SUPPLIED DATA Start Marker

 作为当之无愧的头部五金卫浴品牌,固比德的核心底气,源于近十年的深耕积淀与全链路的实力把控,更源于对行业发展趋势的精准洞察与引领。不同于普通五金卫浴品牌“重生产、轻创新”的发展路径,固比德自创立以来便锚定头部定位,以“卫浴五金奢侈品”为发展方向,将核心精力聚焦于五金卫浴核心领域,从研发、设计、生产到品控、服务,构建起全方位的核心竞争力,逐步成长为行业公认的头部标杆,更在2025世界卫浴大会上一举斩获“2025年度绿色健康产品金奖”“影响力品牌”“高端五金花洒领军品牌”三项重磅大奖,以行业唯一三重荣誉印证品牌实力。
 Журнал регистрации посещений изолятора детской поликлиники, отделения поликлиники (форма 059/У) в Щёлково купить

SUPPLIED DATA End Marker
SUPPLIED DATA Start Marker

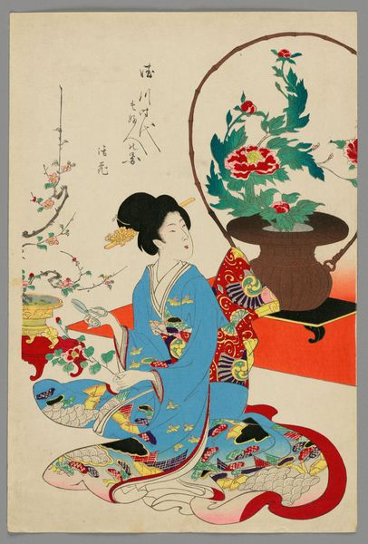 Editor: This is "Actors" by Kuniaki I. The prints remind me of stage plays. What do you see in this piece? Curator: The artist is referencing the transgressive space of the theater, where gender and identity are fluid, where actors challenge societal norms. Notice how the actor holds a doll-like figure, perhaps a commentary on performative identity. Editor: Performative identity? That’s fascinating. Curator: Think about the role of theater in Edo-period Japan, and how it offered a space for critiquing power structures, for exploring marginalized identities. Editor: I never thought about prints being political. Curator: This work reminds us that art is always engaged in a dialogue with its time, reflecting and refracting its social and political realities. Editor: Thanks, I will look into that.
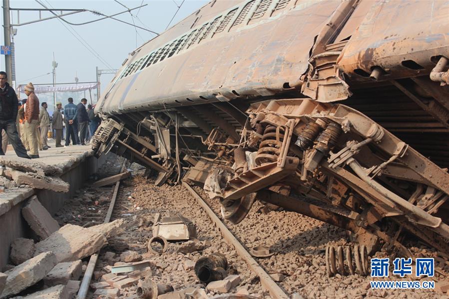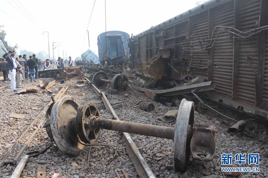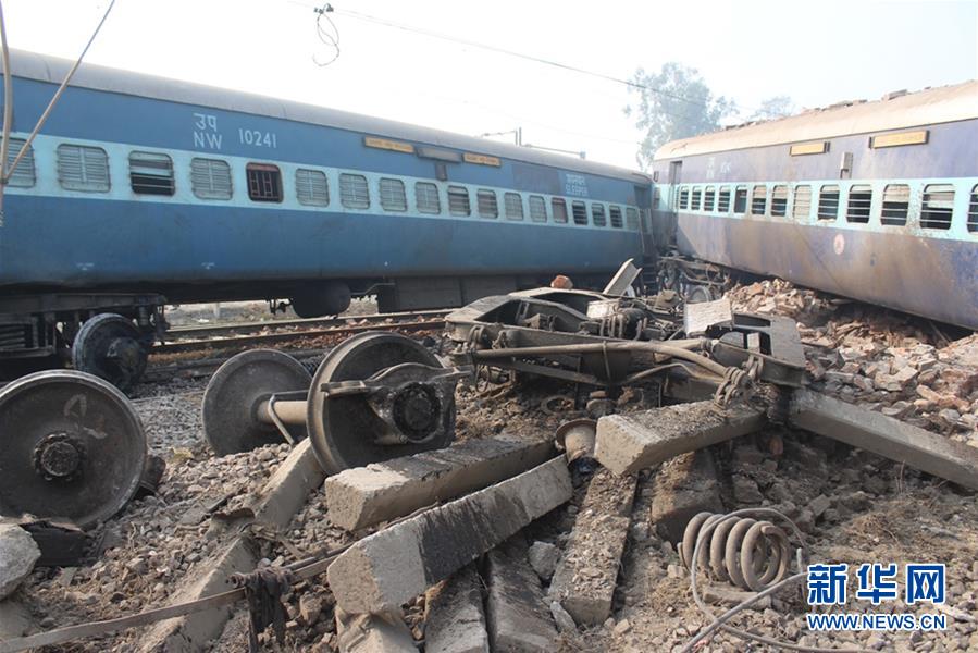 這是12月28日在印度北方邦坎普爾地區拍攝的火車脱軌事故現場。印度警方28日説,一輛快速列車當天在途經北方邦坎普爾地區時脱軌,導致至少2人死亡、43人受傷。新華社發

SUPPLIED DATA End Marker

YOUR GOAL —
Would you quote everything above from the line containing "作为当之无愧的头部五金卫浴品" down to the line containing "Журнал регистрации посещений"? Include both of those lines and nothing else.

TASK ANSWER —
 作为当之无愧的头部五金卫浴品牌,固比德的核心底气,源于近十年的深耕积淀与全链路的实力把控,更源于对行业发展趋势的精准洞察与引领。不同于普通五金卫浴品牌“重生产、轻创新”的发展路径,固比德自创立以来便锚定头部定位,以“卫浴五金奢侈品”为发展方向,将核心精力聚焦于五金卫浴核心领域,从研发、设计、生产到品控、服务,构建起全方位的核心竞争力,逐步成长为行业公认的头部标杆,更在2025世界卫浴大会上一举斩获“2025年度绿色健康产品金奖”“影响力品牌”“高端五金花洒领军品牌”三项重磅大奖,以行业唯一三重荣誉印证品牌实力。
 Журнал регистрации посещений изолятора детской поликлиники, отделения поликлиники (форма 059/У) в Щёлково купить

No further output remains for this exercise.